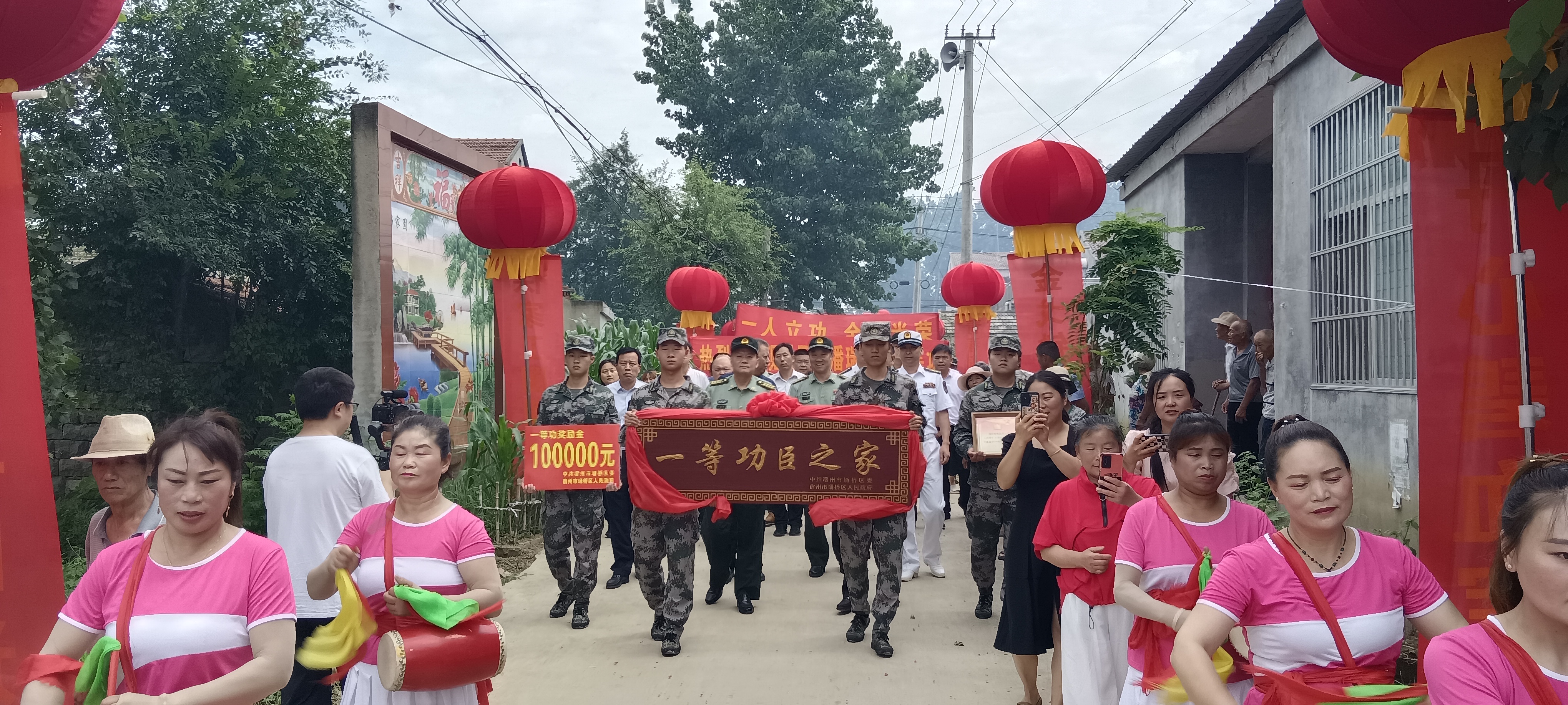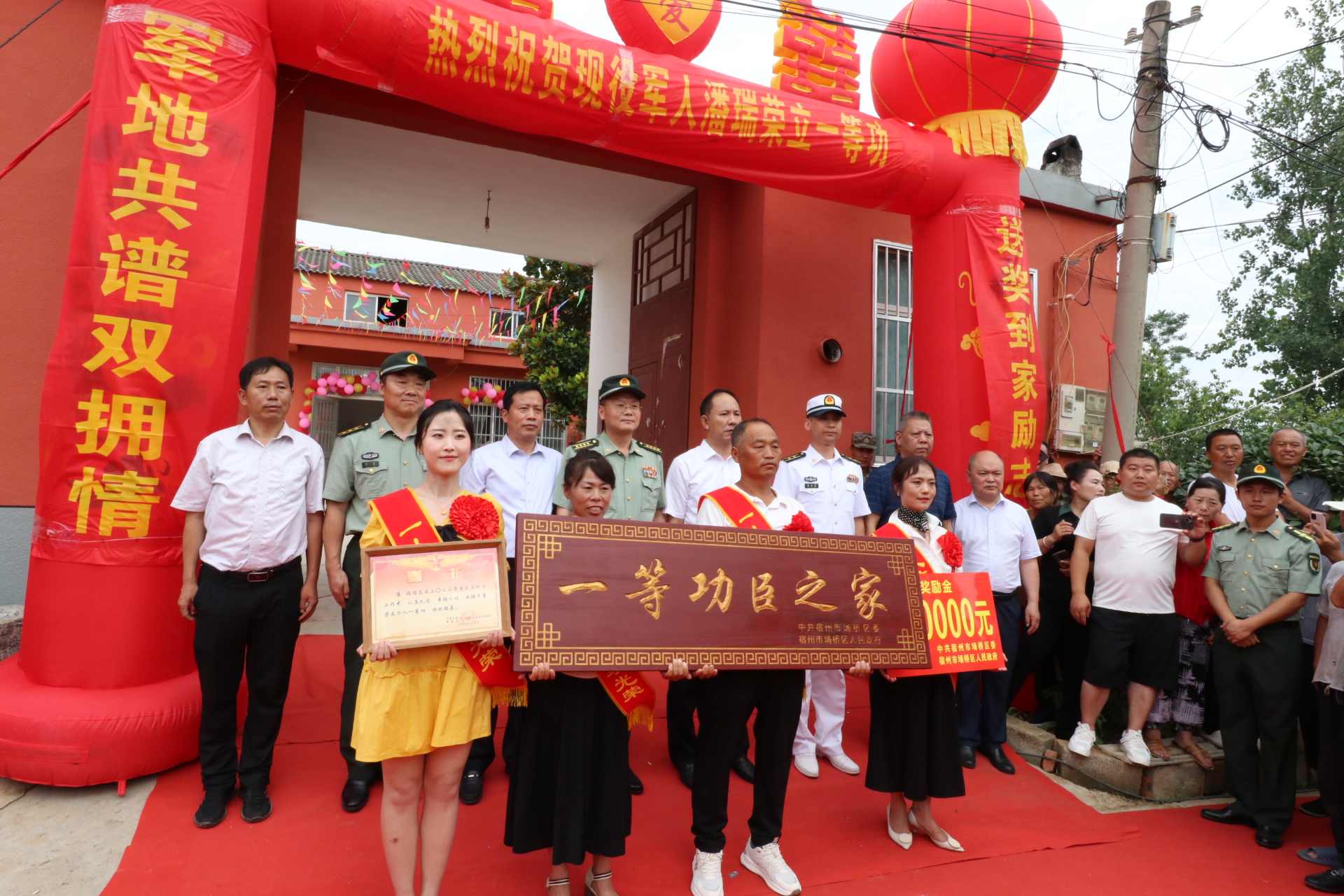 7月6日,位于皖北的偏远小村庄——宿州市埇桥区曹村镇湖庄村锣鼓震天、鞭炮齐鸣,村民们与宿州军分区、市政府领导和潘瑞所在部队的代表,以及市、区退役军人事务局的同志们举行隆重仪式,庆祝现役军人潘瑞荣立一等功。
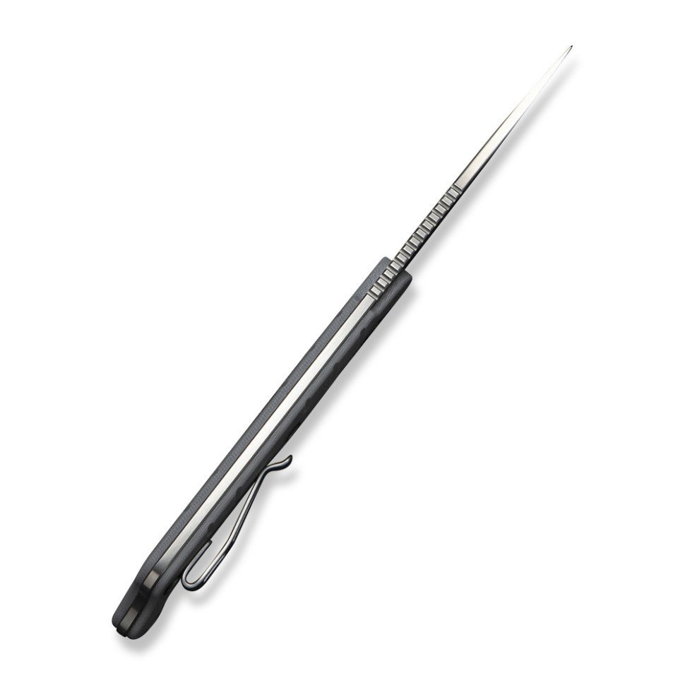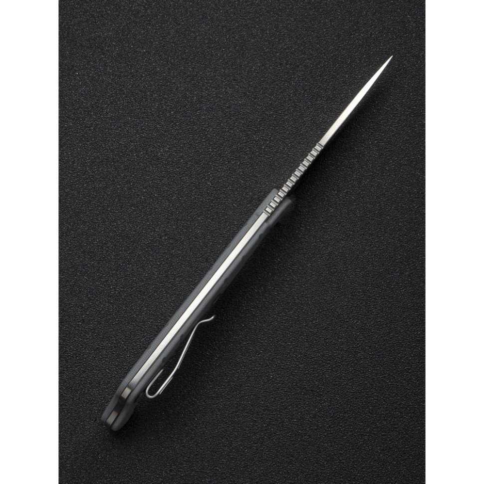 У хвості руківʼя закріплено кліпсу з нержавіючої сталі, орієнтовану на Tip-Down носіння. Затискач забезпечує міцну фіксацію інструмента в кишені або на спорядженні, не виступаючи за межі габаритів. Положення кліпси можна міняти під зручну руку — встановлювати з правого або лівого боку конструкції.
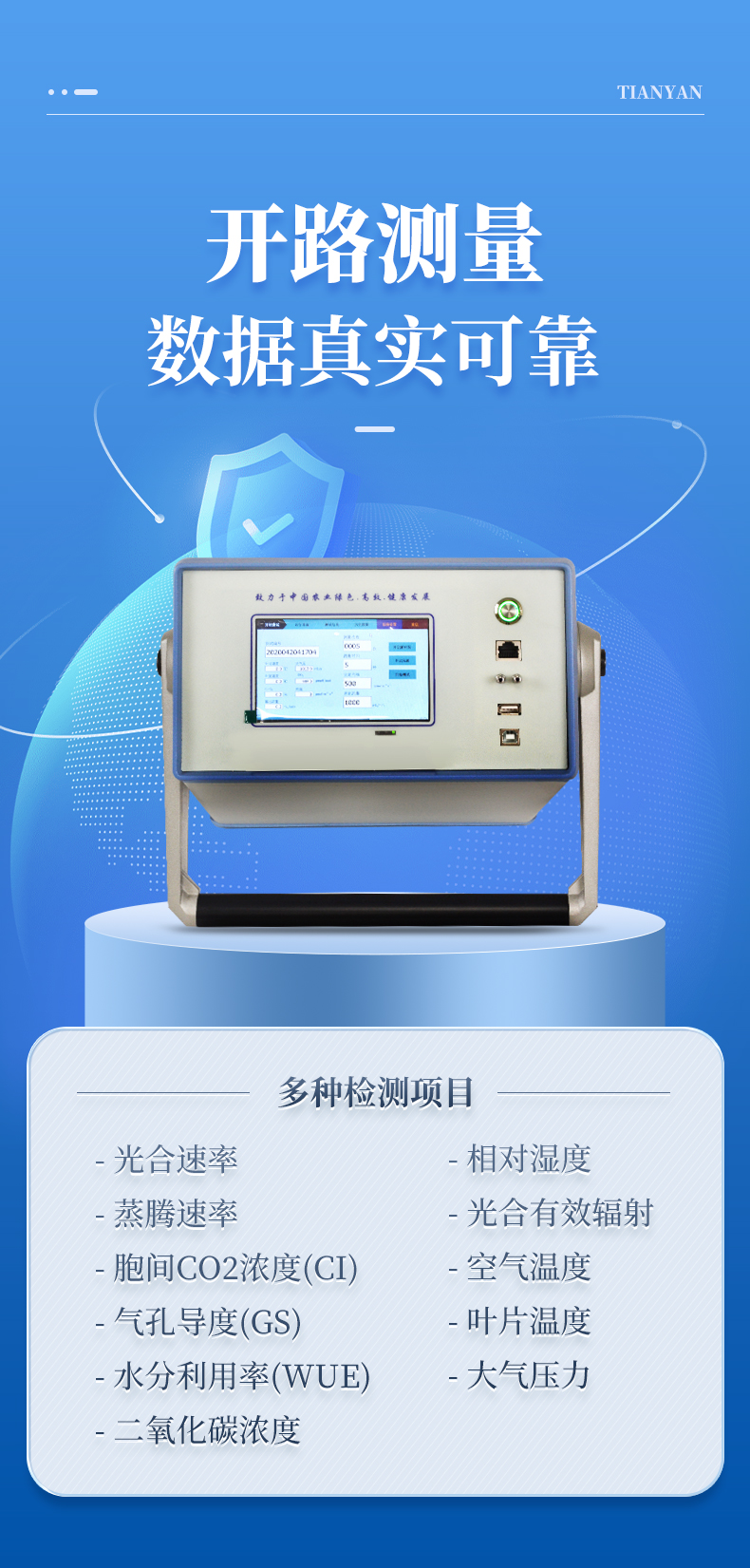 葉片光合速率 (Pn) 葉片蒸騰速率 (Tr) 氣孔導(dǎo)度(Gs) 細(xì)胞間CO2濃度(Ci) 水分利用率(WUE) 可增加呼吸速率測(cè)量(Rd)
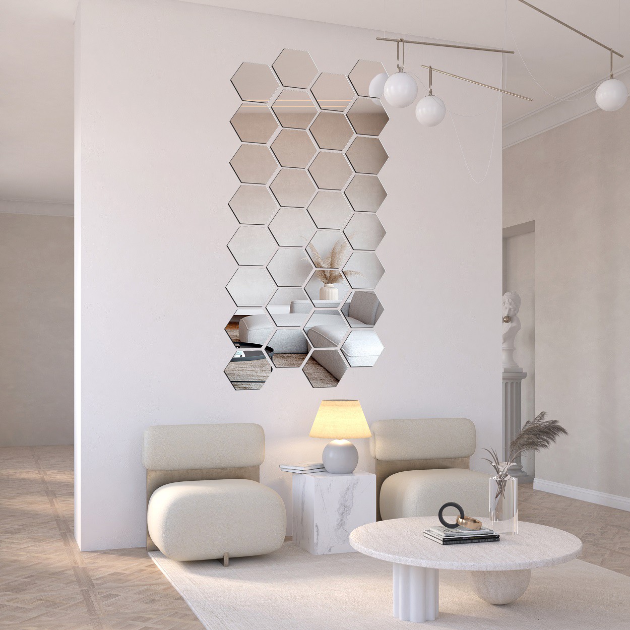 • Woonkamer: Als we een open haard hebben, kan het creëren van een spiegelmozaïek erboven een prachtige decoratie zijn die het middelpunt van de woonkamer wordt. Een dergelijke inrichting geeft het interieur luxe en elegantie. Als er in de woonkamer kolommen, pilaren of andere architectonische elementen zijn, loont het de moeite deze met spiegeltegels te bekleden om de woonkamer meer licht en moderniteit te geven.
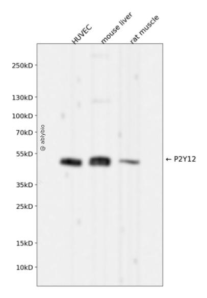 Western blot analysis of P2Y12 expressed in HUVEC,mouse liver,rat muscle using P2Y12 Rabbit mAb at 1:1000. Secondary antibody: HRP Goat Anti-Rabbit IgG (H+L) at 1:5000. Lysates/proteins: 30ug per lane. Blocking buffer: 5% non-fat dry milk in TBST. Detection: ECL Enhanced Kit. Exposure time: 120s.
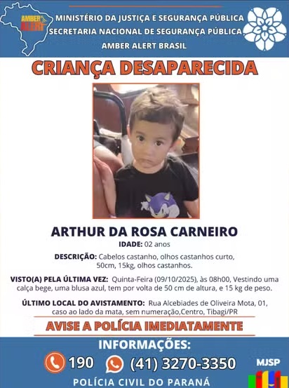 Arthur desapareceu na manhã de quinta-feira (9). Segundo familiares, ele estava dentro de casa e sumiu sem que ninguém percebesse. Desde então, as equipes concentram esforços para tentar localizar o menino na região rural de Tibagi.
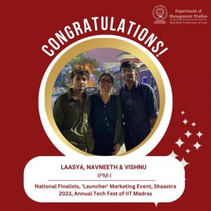 We congratulate laasya rayaprolu, Navneeth Menon and vishnu aji for representing the University as National Finalists in Launcher Marketing Event at Shaastra 2023 – the Annual Tech Fest of Indian Institute of Technology, Madras!
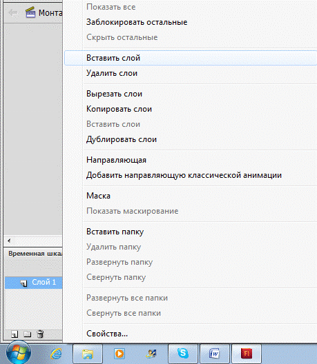 . Далее на вкладку "Слой 1" нажать ПКМ и выбрать
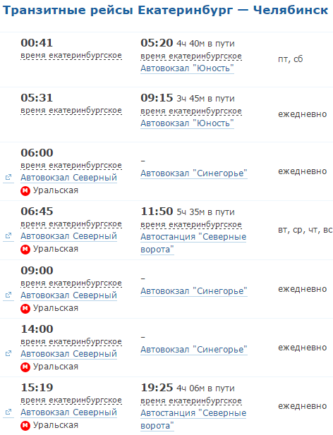 Автобусы по транспортному сообщению между Екатеринбургом и Челябинском курсируют с утра до ночи, перерыв существует только между 01.00 - 05.00.
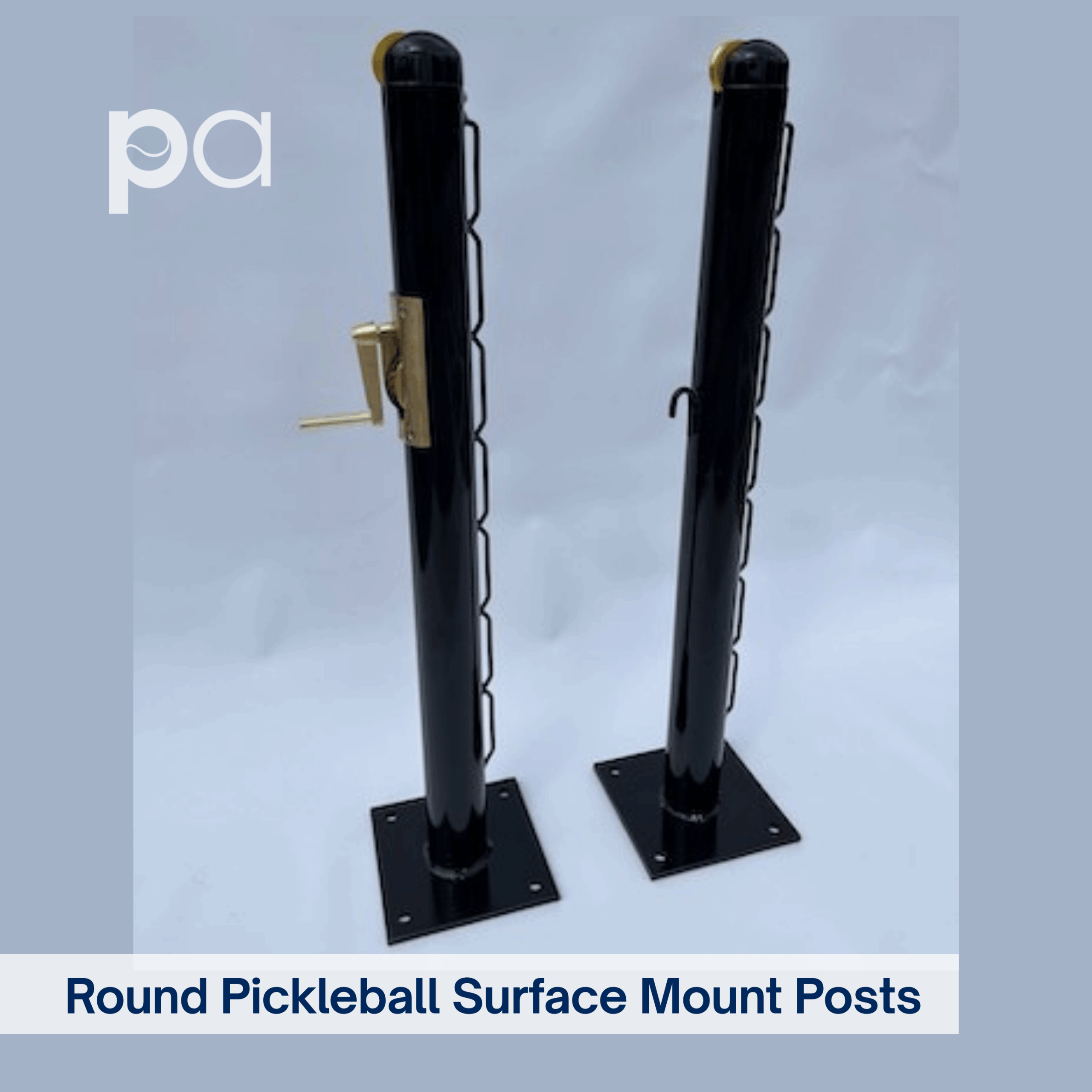 We offer Round Pickleball Surface Mount Posts for permanent pickleball courts. These posts are constructed using a heavyweight steel base plate, and they are built to last.
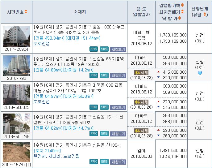 À̹ø ÁÖ °æ±âµµ ¿ëÀνà ±âÈﱸ¿¡¼´Â ÃÑ 16°ÇÀÇ °æ¸Å°¡ ÁøÇàµÈ´Ù. ¹°°Ç ¿ëµµº°·Î´Â ¾ÆÆÄÆ® 8°Ç, ´Ù¼¼´ëÁÖÅà 2°Ç, ´Üµ¶ÁÖÅà 1°Ç, ¼÷¹Ú½Ã¼³ 1°Ç, °øÀå 2°Ç, ÅäÁö 2°ÇÀÌ´Ù.

[Requirement] Only one stretch of the listing is wanted: the lines starting at the one with "We congratulate laasya" and ending at the one with "Автобусы по транспортному", copied exactly and free of pictures.

[Written solution]
 We congratulate laasya rayaprolu, Navneeth Menon and vishnu aji for representing the University as National Finalists in Launcher Marketing Event at Shaastra 2023 – the Annual Tech Fest of Indian Institute of Technology, Madras!
 . Далее на вкладку "Слой 1" нажать ПКМ и выбрать
 Автобусы по транспортному сообщению между Екатеринбургом и Челябинском курсируют с утра до ночи, перерыв существует только между 01.00 - 05.00.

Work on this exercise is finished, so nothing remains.